50cc原付バイクで日本一周 nonfiction episode

アオゾラ ライド

第1話 クビ宣告! 君は不協和音だ!

「君はこの仕事向いてない、他に向いてる仕事探したら?それに君の存在が不協和音だから居ないほうが良いのよ。」


中途採用で入社し2ヶ月を過ぎたある日の事、私は課長に呼び出されそう宣告された。

特殊な仕事だった為素人の私には中々うまく仕事がこなせず、また陰口の多い陰湿な職場に順応出来なかった私への「クビ宣告」だった。部署内から嫌がらせや悪口を言われたりもしていたが、なるべく無視して我慢していた。

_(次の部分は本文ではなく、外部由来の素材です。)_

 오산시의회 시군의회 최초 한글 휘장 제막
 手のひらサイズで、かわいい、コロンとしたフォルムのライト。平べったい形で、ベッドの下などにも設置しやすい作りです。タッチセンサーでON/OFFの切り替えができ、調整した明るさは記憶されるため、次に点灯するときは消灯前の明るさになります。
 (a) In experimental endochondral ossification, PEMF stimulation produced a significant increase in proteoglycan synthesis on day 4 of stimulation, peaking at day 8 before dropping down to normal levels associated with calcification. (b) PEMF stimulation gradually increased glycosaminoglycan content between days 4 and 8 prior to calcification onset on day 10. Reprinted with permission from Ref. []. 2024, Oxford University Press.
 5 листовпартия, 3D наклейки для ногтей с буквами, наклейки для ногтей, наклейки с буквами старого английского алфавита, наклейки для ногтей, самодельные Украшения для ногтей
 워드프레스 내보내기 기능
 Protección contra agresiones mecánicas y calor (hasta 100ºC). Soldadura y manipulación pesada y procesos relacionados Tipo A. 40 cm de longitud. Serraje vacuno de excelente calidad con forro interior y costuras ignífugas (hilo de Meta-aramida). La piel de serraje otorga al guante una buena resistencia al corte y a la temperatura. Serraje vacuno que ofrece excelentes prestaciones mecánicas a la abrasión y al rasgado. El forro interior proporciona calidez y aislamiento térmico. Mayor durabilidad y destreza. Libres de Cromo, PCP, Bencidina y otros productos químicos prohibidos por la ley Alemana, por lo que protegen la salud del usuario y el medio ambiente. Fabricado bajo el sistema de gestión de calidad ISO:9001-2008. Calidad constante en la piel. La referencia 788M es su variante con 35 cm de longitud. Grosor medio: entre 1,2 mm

心に課長の言葉の棘が刺さった痛みや悔しさの中、私は定時で仕事を終えた。

「お疲れ様でした、お先に失礼します」と退社の挨拶をするが返事はない。

いつもの事だ、挨拶くらいはしたらどうかと思うが期待しない。

今すぐこんな所から居なくなりたい、私の居場所はこの会社には無いのだと悟った。

会社のドアを抜けるが気分はずっと落ち込んだままだ、駐車場を歩く足取りが重い。

駐輪場の端っこで私を待ってくれている白い原付がある、HONDA ZOOMER。

この仕事に就く時に買った、少し高めの原付だ。

私は先日新調した黒のジェット型ヘルメットを、メットホルダーから外した。

まだ新しく頭には馴染んでいない。

沈んだ気持ちに少しでも良い空気を取り込もうと、私は深呼吸して原付のエンジンをかけた。

さあ帰ろう。


そのクビ宣告から暫く。

私は仕事を辞める決意をした。

いじめや嫌がらせが当たり前にある会社に未練は無い。

会社の役員に「退職届」を出した、私の意地もあり退職「願」では無く「届」とした。

辞めさせください、では無く辞めてやるの気持ちが強かった。書体も殴り書きの様な感じだ、今までの人生であんな殴り書きはした事がなかった。

退職までの1ヶ月間に再就職先を探す事はしなかった、漠然と頭に浮かんできた言葉に私は囚われていたからだ。


「日本一周」


退職後の進路は旅に出る事に決めた。



最後の挨拶にまで嫌味を言われたが今の私には怖くない。

私の辞める代わりに人員補充した人も、結局辞めるらしい。

私や他の社員の陰口を好きなだけほざいてろ、私はこんな汚い世界じゃなく広い世界に飛び出すんだ。

最後の出勤を終え、会社のドアをくぐる。

空は美しい夕暮れだ。

2008年4月末日晴れて私は無職となった。

ついに私、アオゾラライド(22歳)無職の原付バイクでの日本一周がスタートする。